Sept. 11, 2001:  I was glued to the TV, watching the horror unfold along with the rest of the country.  I was so grateful to be home-schooling both my boys that year, so I could hug them close immediately.  I was even grateful that their father, my soon-to-be ex-husband, was nearby, and safe. 

After hours of trying, and failing, to process the day’s events, I managed to tear myself away from the constant stream of updates and replays, and headed out to feed the horses.  They were patiently waiting, completely oblivious to the fact that in just a few hours the whole world as we knew it had changed.  I was struck by the contrast between the energy in my living room and the energy in my barn.

In their quiet steadfast way, the horses were able to bring me back to center, back to feeling the ground beneath my boots, back to the here and now.  My panic, my horror, my despair, my loss of what I thought I could count on... none of it had convinced them that any reaction was needed from them.  Their world was the same that day as it had been the day before, and for many days before that.

And as they tend to do any time I’ll listen, they brought to me a major Life Lesson.  Here is what they said to me that day:  Love bigger, love now, because now is all we can really count on.  Don’t waste time worrying about what just happened, or what might happen.  Use the time you have to show those who are in your world that you care, that you are paying attention, that you love them.  

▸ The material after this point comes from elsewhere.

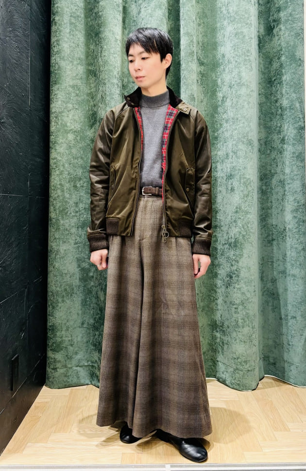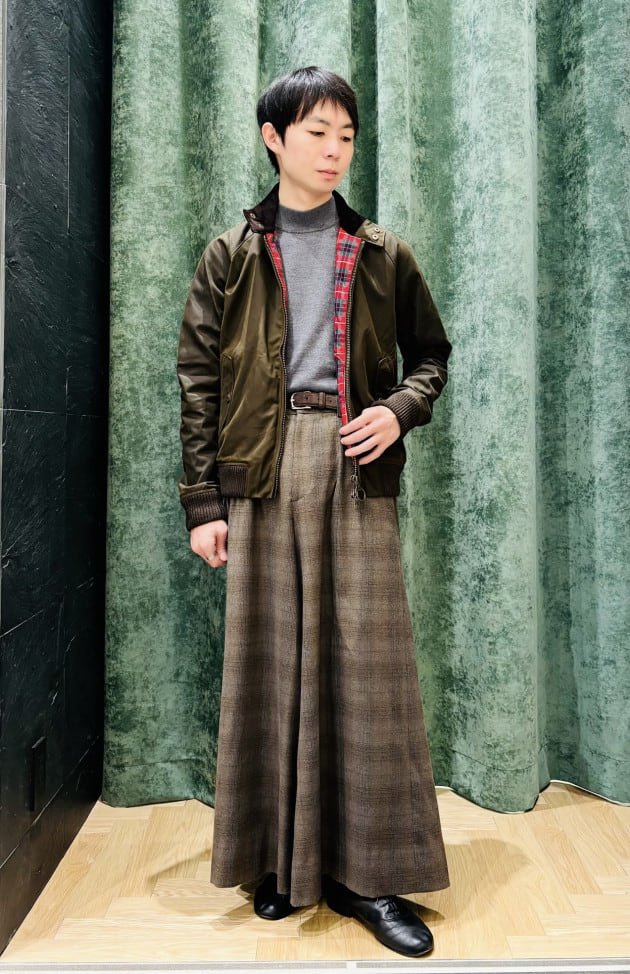 《GRAN SASSO》定番の12ゲージモックネックニットに、私ならボリューム感のあるワイドパンツを合わせて。ブルゾンがコンパクトなゆえ、ワイド目なパンツとも相性抜群ですよ◎

THIS is how I try to honor those whose lives were cut short so unfairly that day.  Not by keeping hatred or fear or sadness or grief alive forever, not by replaying the horrific scenes from twelve years ago endlessly, but by remembering to love those who I treasure most, who are still in the here and now with me.  If I occupy my heart and mind with more Love in my life, then there’s less room for hate.  If I can only extend that love a few feet, or to only one or two people, or just to animals or children or one tiny kitten, then that is still better than sending hate out anywhere.  That is still going to be a move toward peace.  If I love what I can, when I can, and let the rest go, I’m one less person perpetuating the cycle of violence.  I pay tribute by turning away from the TV, away from the world’s drama, and toward my own treasured little world.  I pause a little longer to tell my horses thank you.  In filling my moments with gratitude for what is, I hold at bay the hell that wants to resurface on this 9-11 anniversary.  

Yes, may I never forget.  But may I be mindful about how I remember.